As seen above, the Working Stock owned by the Treasury but usable by the Mint, as literally working stock, is quite large at 2,783,219 ounces (87 tonnes) while prone never to be used in full for numismatic production purposes. On average the Mint has created 1,125,285 ounces (35 tonnes) in gold bullion coins per annum over the past years. Would it be feasible the Mint ever needs all 2,783,219 ounces (87 tonnes) in one year, taking into account metal taken from the Working Stock doesn’t take 12 months to be replenished? Surely, the Working Stock is ample for the Mint’s bullion sales.
More important, as if 2,783,219 ounces (87 tonnes) are scanty, ‘upon approval from the Secretary of the Treasury, the United States Mint may use gold from the Deep Storage reserves to support its numismatic operations’ since 1993. Why would the Mint ever need access to Deep Storage gold for bullion coin operations? Is this a loophole to access Deep Storage metal?
Noteworthy 2) All assay reports from The Continuing Audits (1974 – 1986) have been destroyed while tests taken at Fort Knox in 1977 revealed fineness deficiencies.

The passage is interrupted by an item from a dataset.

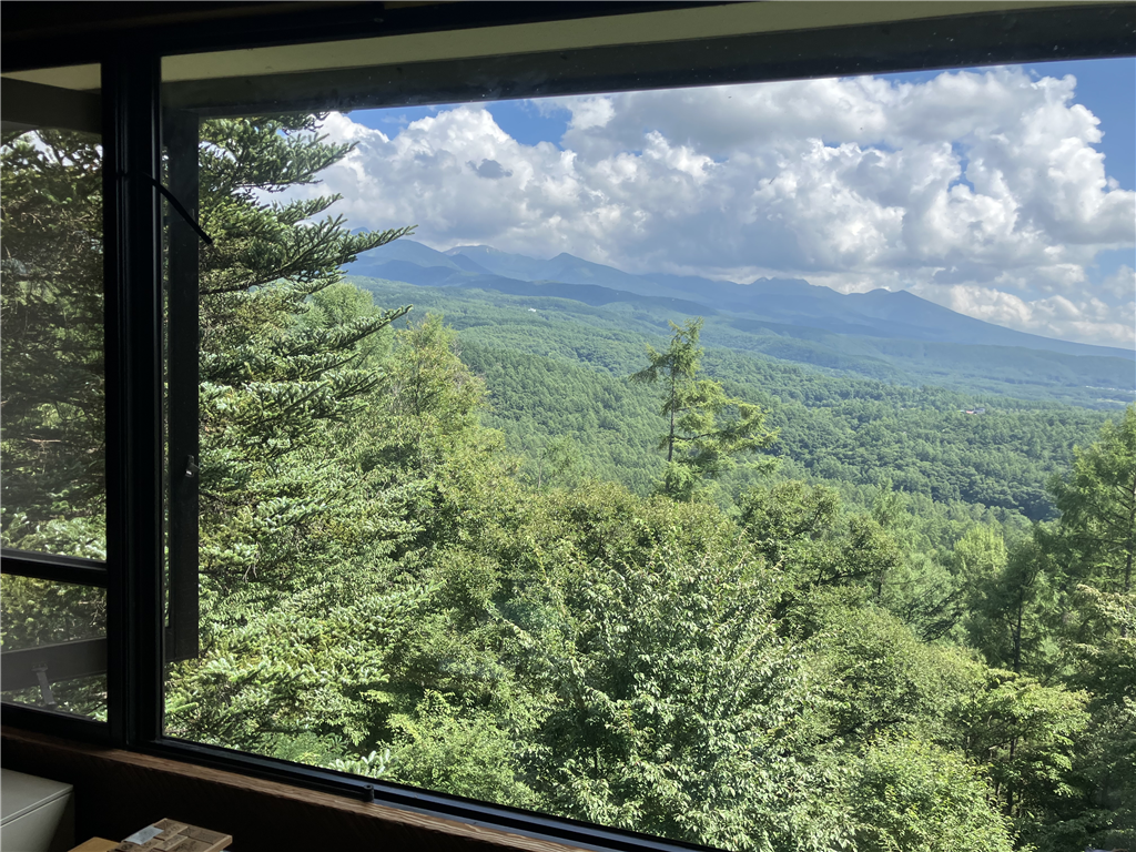 ピクチャーウインドウから八ヶ岳を望むロケーション。温泉大浴場やレストラン等も徒歩利用可能な好立地。(センター地区まで約1.2km)。

In the few documents at our disposal we can read that during The Continuing Audits ‘every 50th melt’ was weighed and of every melt weighed one bar was assayed. We know that in 1974 the assayer was the New York Assay Office, which is a branch of the US Mint. We also know that in 1981 the assayer was ‘one of the Bureau of the Mint laboratories’. Very likely in 1977 the assayer was one the Mint laboratories as well – logically, in a credible audit procedure the assayer should not be the same entity as the custodian. This is harmful, even more so as the assayer/remelter mysteriously resolved fineness deficiencies in 1977. From the 1977 audit report we read:
Two sample melts showed the gold was below the fineness (5 parts per 10,000) permitted …. Because of this problem, the vault had to be opened twice more in the presence of the Joint Sealing Committee and the gold reevaluated.
On July 29, 1977, bore samples, rather than chips, were taken from the questionable melts and sent to two assay offices for independent evaluations. Half of the samples reassayed were still unacceptable. The Bureau decided that the two melts from which the samples were taken had to be remelted and reassayed. This was done on November 16 and 17, 1977. This time, the gold was within the prescribed level of fineness … discrepancies in fineness were attributed to improper melting and casting of the melts in 1920 and 1921.

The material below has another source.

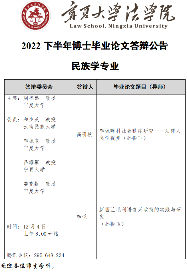 17k小说 17k小说 民族学专业2022下半年博士毕业论文答辩公告

After the remelting of 2 melts all was fine? Who processed the remelting, the Mint’s New York and San Francisco Assay Offices? It would be extremely convenient if the custodian (Mint) of the US’ monetary gold did the remelting of gold tested when fineness deficiencies surfaced. This way the metal could have easily been supplemented with higher purity gold by the Mint.
Noteworthy 3) Nearly all assay test results publicly released are 999.9 fine, whilst the average fineness of all Deep Storage metal is 900.5.

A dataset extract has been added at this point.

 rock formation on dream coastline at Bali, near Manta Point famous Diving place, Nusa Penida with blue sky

Let us have a look at the average gold purity of all Deep Storage metal, and then of the assay samples taken in 2004, 2005, 2006 and 2008.
The vast majority of the Deep Storage gold does not live up to current London Good Delivery standards, which requires gold bars to have a fineness of no less 995 particles per 1000. Most Deep Storage gold is in coin bars having a fineness of about 900 – the average fineness is 900.5 particles per 1000, calculated as total fine troy ounces divided by total gross weight, neglecting the number of bars.
The next table prepared by Bron Suchecki shows all bar weights and purities of the Deep Storage gold. In the last column you can see the largest share (73 percent of the bars) is 899 – 916.7 fine. Only 3.56 percent of the bars is 999.9 fine.
The PDF documents released by the OIG in 2011 include assay reports from Ledoux & Company and White Sands Missile Range. When I manually inserted all the outcomes in a spreadsheet it appeared to me that virtually all the assay tests came out as 999.9 fine. A remarkable difference with the average fineness of the Deep Storage metal.
One random Deep Storage bar will most likely be near 900.5 fine, though 305 of the 345 samples taken hit 999.9, and none were below 995. For some reasons the auditors saved all the 99.99 fine gold to be verified for the end.